'İzlekler'de bu hafta: "Babaya yolculuğun romanı"
Beril Erbil'in 'İzlekler' ismi ile hazırladığı haftalık Kitap Sayfası yine dopdolu içeriği ile İz Gazete okuyucuları ile buluştu.

Öykülerini de severek okuduğumuz şair Gültekin Emre’nin ilk romanı Sanki Babamın Romanı, Alakarga Sanat Yayınları tarafından geçtiğimiz Eylül ayında yayımlandı.
Gültekin Emre, 1980 yılından beri Almanya’da yaşayan, anadili ve gündelik hayatının dili farklı olan ve anadilinde ve sanatında dil ile oynamayı seven bir edebiyatçı. Şairliğinin verdiği imgesel bakış ile de romanı dümdüz bir kurgu değil, dil ile oynadığı, imgeler ile yüklü, gerçek ve hayalin iç içe geçtiği, otobiyografik yansımalar taşıyan bir ilk roman.

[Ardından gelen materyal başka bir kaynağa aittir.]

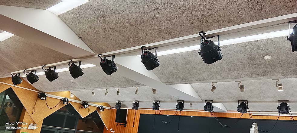 燈光系統由兩道頂光、兩道測光組成。每道頂光由8臺帕燈組成,每道測光由4臺帕燈組成,打向講臺。
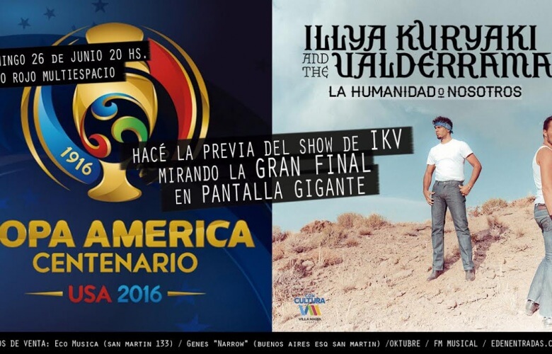 Se retrasará el horario previsto para el comienzo del show de Illya Kuryaki And The Valderramas junto a De La Rivera en Villa María por la Final de la Copa América Centenario donde nuestro país se enfrentará nuevamente con Chile.
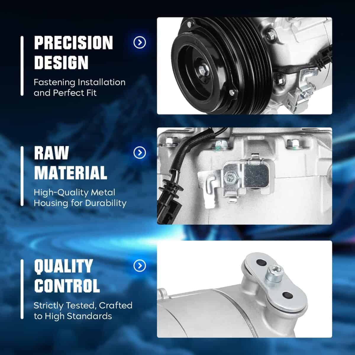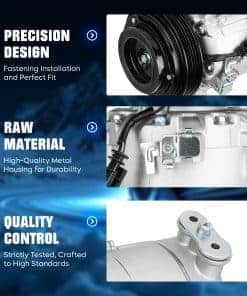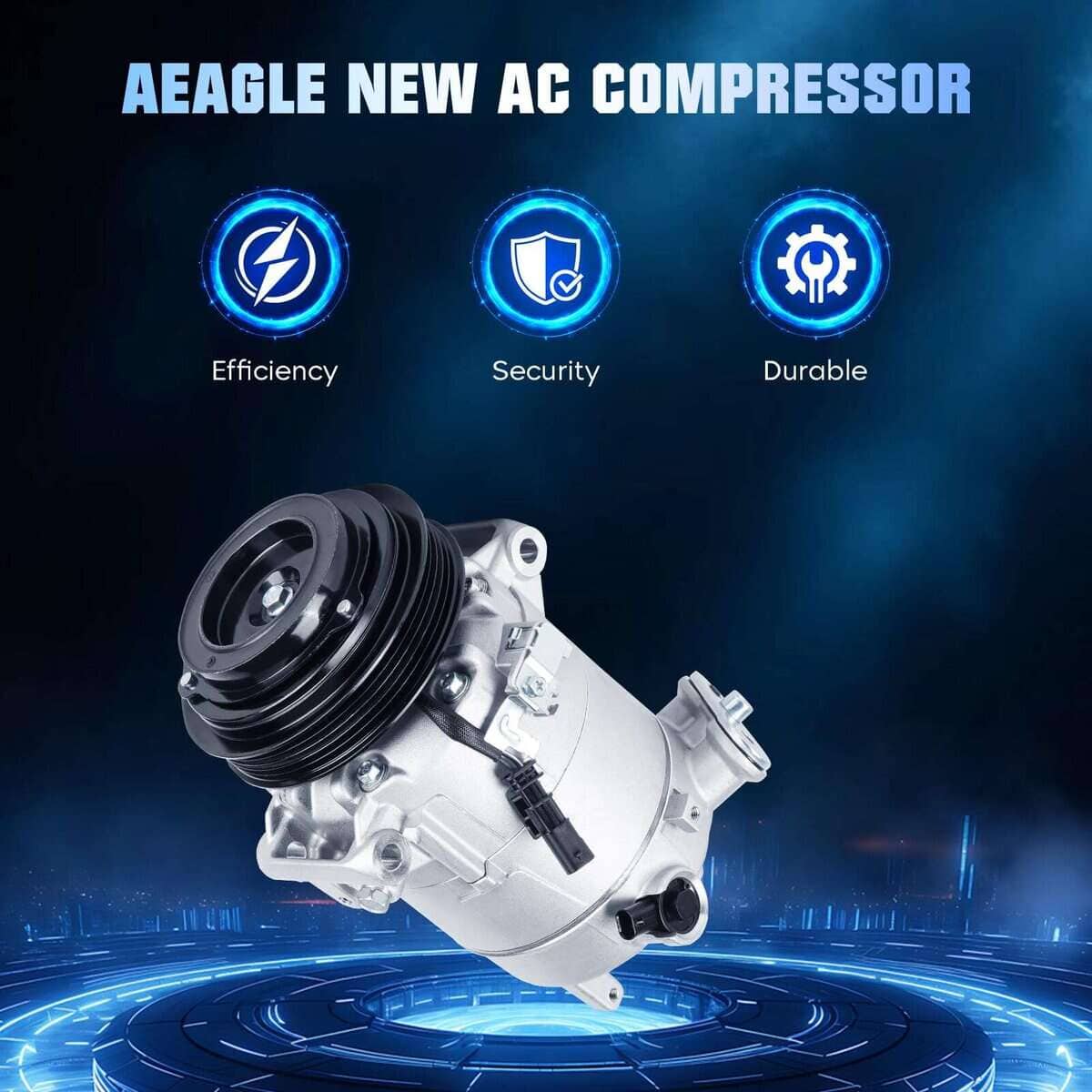 Todos los compresores de aire acondicionado de AEagle son nuevos y adoptan tecnología de fabricación avanzada y materiales de aceite de alta calidad, lo que mejora en gran medida la rigidez y extiende el tiempo de uso. Asegure el funcionamiento suave del vehículo y cree un ambiente cómodo con bajo ruido. Compatible con: Por favor, asegúrese de que este producto se ajusta a su automóvil. Compatible con: para CHEVROLET IMPALA 2.5L 2014-2018, para CHEVROLET MALIBU 2.0L, 2.5L 2013-2015, para CHEVROLET MALIBU LIMITED 2.5L 2016, para CHEVROLET BUICK REGAL 2.0L/2.4L 2014-2017. Sustituye a los números de parte: 16003548-101, 16003548-102, 16003548-103, 16003548-104, 22910274, 22947668, 23314082, 23413998, 84133999, 84441491. Parámetros del Producto: Tipo de Aceite: PAG46, Capacidad de Aceite: 150ml. El compresor está equipado con aceite. No requiere grasa adicional. Nota de Instalación: 1. Antes de la instalación, todo el sistema de aire acondicionado, condensador, válvula de expansión y tanque de evaporación deben limpiarse a fondo. Si hay suciedad, debe reemplazarse. De lo contrario, después de instalar el compresor de aire acondicionado, la suciedad fluirá hacia el nuevo compresor, lo que causará problemas. 2. No vierta el lubricante de refrigerante usado de nuevo en el contenedor para evitar la contaminación, y no lo mezcle con otros lubricantes de refrigerante. 3. Antes de usar, verifique si la polea gira normalmente, si hay ruido y oscilación, si la placa motriz está deformada y si el enchufe de la bobina es firme y confiable.
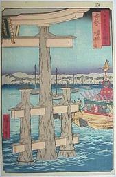 | Keywords: Hiroshige Aki Miyajima.jpg en Aki Miyajima Sairei no zu of the Famous Scenes of the Sixty States ja 六十余州名 図会 安芸 宮島 祭礼の図 http //www japaneseprints-london com/ukiyoe/images/landscapes9 jpg Creator Hiroshige 1853 PD-old-100 The Famous Scenes of the Sixty States Itsukushima-jinja torii Miyajima in art Kangensai |
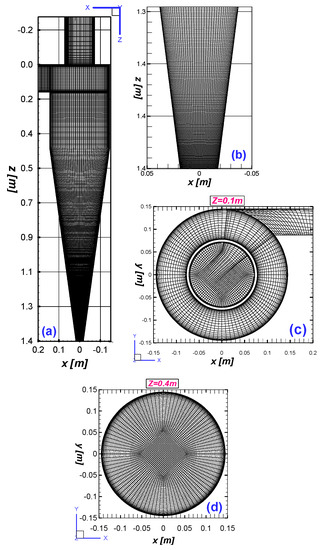 Details of the mesh for model E, consisting of nearly 1.88 million hexahedra; (a) mesh representation on the cyclone surface, (b) mesh refinement in the lower part of the cyclone, (c) a cut plane at Z = 0.1 m, representing the mesh, and (d) a cut plane at Z = 0.4 m, representing the mesh.
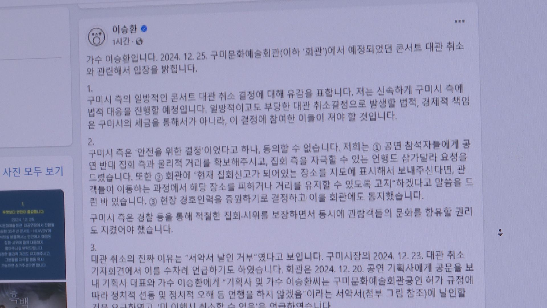 경북 구미시가 12월 25일 예정됐던 가수 이승환의 데뷔 35주년 기념 콘서트 대관을 취소했습니다.김장호 구미시장은 12월 23일 입장문을 내고 "시민과 관객의 안전을 고려해 구미시문화예술회관 운영 조례에 따라 대관을 취소하게 됐다"고 밝혔습니다.김 시장은 "이승환 씨 측에 안전 인력 배치 계획 제출과 '정치적 선동 ...
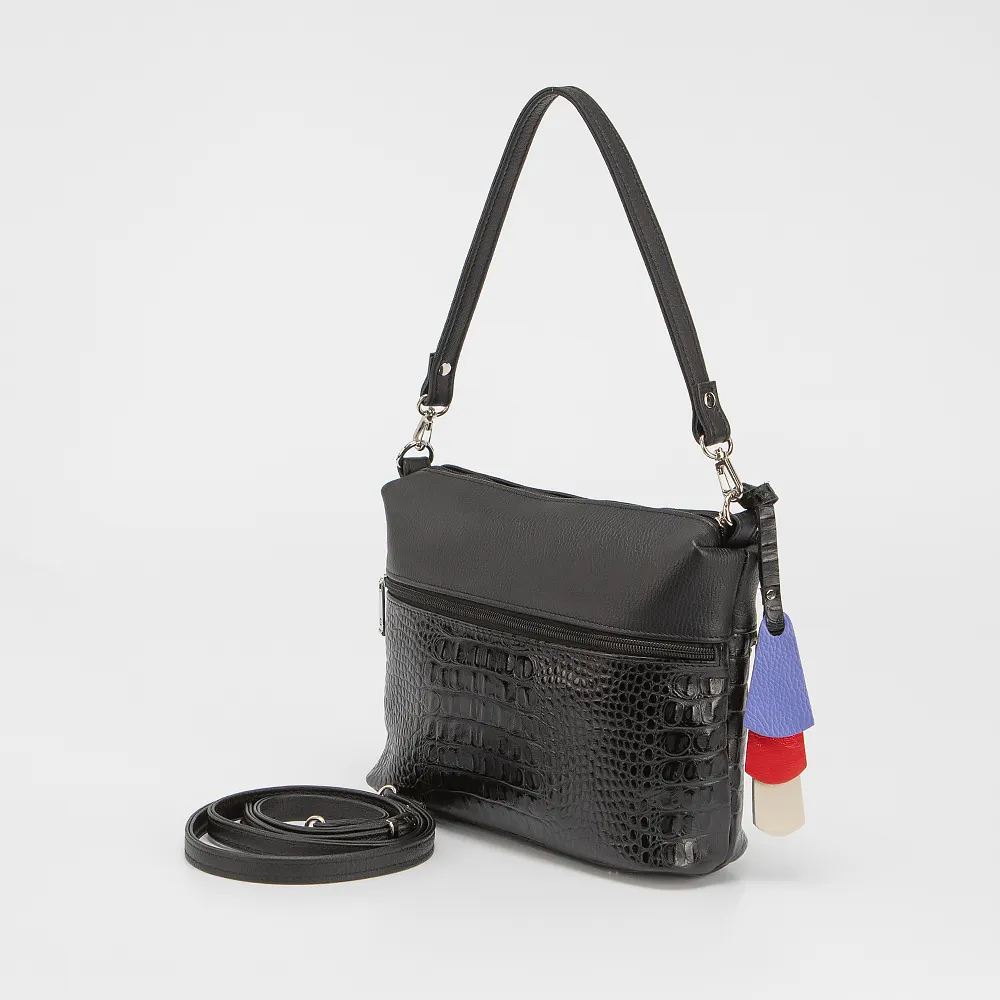 Сумка от торговой марки Francesco Molinary выполнена из натуральной кожи черного цвета с частичным тиснением под рептилию. Модель с удлиненной ручкой и съемным регулируемым плечевым ремнем. Декорирована цветными кожаными подвесками. Отделение на молнии. Внутри: фирменная текстильная подкладка, карман на молнии, накладной карман. С лицевой и задней стороны - карман на молнии. Дно оснащено металлическими ножками для защиты от износа.

SAYFANIN TAMAMINA ULAŞMAK İÇİN TIKLAYINIZ
Yazar, Edebiyat Haber’de yayımlanan röportajında Ümit Yıldırım’ın romandaki otobiyografik unsurlarına ilişkin sorusuna verdiği yanıtta kitabın ana konusunu ve temel unsurlarını çok net özetlemiş:
“Babamı üç buçuk yaşımda kaybettim; babasız büyümenin acısıyla yoğruldum. Ağabeyim babam yerine geçti. Babasızlığımı duyumsatmamaya çalışsa da, babamın öldüğünü ben biliyordum. Babalarıyla el ele yürüyen çocuklara hep imrendim. Babamın kitapçı olmasından hep gurur duydum. Köy köy dolaşıp okuma seferberliğine katkıda bulunmaya çalışan bir babanın evladıydım. Babam, kitap satmaya gittiği köylerin beklediği biriydi. Köy odalarında kitap okuyan bir adamın çocuğuydum. İçimde, babamı hep gezdirdim. Ben nereye gittiysem, babam da benimle geldi. Onun yaşamını, hikâyesini hep kurguladım günün birinde yazmayı düşünerek. Floransa’daki bir etkinliğe katıldığım gerçek. Dönüşte pervaneli uçağın bir pervanesinin bozulması da gerçek, Pisa’ya inip uçak değiştirerek Zürih havaalanına inişimiz de. Uçakta, mistik İtalyan şairi Mario Luzi’nin Simone Martini’nin Dünyevi ve Semavi Yolculuğu’ndaki şiirleri bana yol gösterdi. Geçmişe yolculuğu içeren şiirler benim babama yolculuğuma eşlik etti. Babasızlığımı yenmek için babamı aramaya çıktım. Yazarak içimdeki acıyı, sızıyı dindirmeye çalıştım. İlkokul üçüncü sınıfa kadar yaşadığım köy ortamı için, babama odaklanarak, onun hakkında anlatılanları derleyip toparlayarak yeni bir dil ve öykü oluşturmaya çalıştım.”
ROMANIN KONUSU
Altı bölümden oluşan roman bir uçak yolculuğuyla açılıyor. Başta her şey yolundayken uçağın arızalanmasıyla birlikte yolculara yerleşen korkuyu bir adamın zihninden izlemeye başlıyoruz. Roman adamın zihninde ilerlerken geçmiş, anılar ve şimdiki zaman birbiri içinde harmanlanıyor. Bize hikâyeyi aktaran anlatıcı ise adamın zihninin tüm kıvrımlarına ve tüm çağrışımlarına hâkim.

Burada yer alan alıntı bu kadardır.